# Aim of the exercise
In the entries that follow, count each line containing "with" and state the total, nothing more.

# Given data
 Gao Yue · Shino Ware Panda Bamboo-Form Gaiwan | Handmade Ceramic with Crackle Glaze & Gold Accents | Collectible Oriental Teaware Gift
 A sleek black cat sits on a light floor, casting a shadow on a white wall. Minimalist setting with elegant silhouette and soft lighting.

---

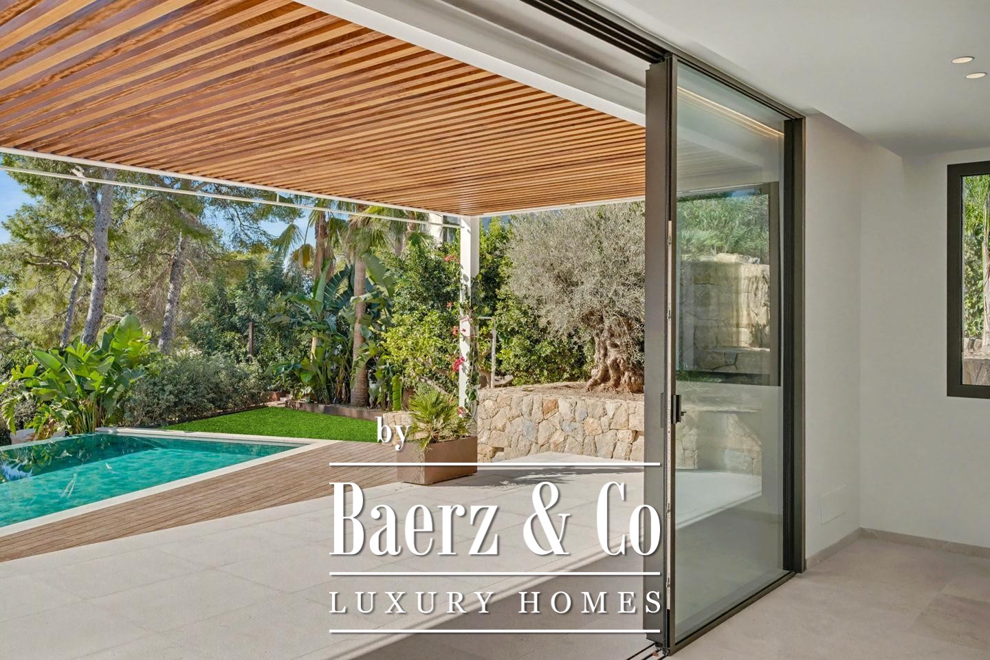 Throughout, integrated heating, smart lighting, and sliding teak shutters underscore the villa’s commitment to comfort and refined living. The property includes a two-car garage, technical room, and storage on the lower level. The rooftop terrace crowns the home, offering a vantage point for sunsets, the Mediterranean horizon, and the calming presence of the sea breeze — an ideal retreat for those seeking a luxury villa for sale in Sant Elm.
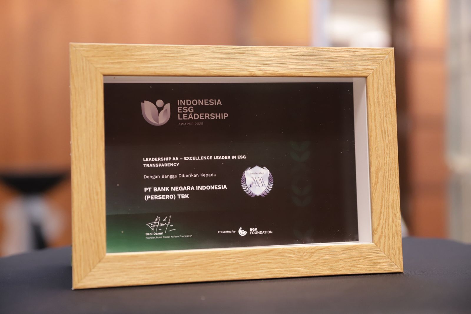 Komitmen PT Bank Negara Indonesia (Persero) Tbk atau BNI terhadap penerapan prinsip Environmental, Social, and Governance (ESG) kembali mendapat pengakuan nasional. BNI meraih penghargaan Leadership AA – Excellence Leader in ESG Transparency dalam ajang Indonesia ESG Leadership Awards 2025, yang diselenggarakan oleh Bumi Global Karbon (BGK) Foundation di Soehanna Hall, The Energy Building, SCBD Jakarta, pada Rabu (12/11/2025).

# Written response
2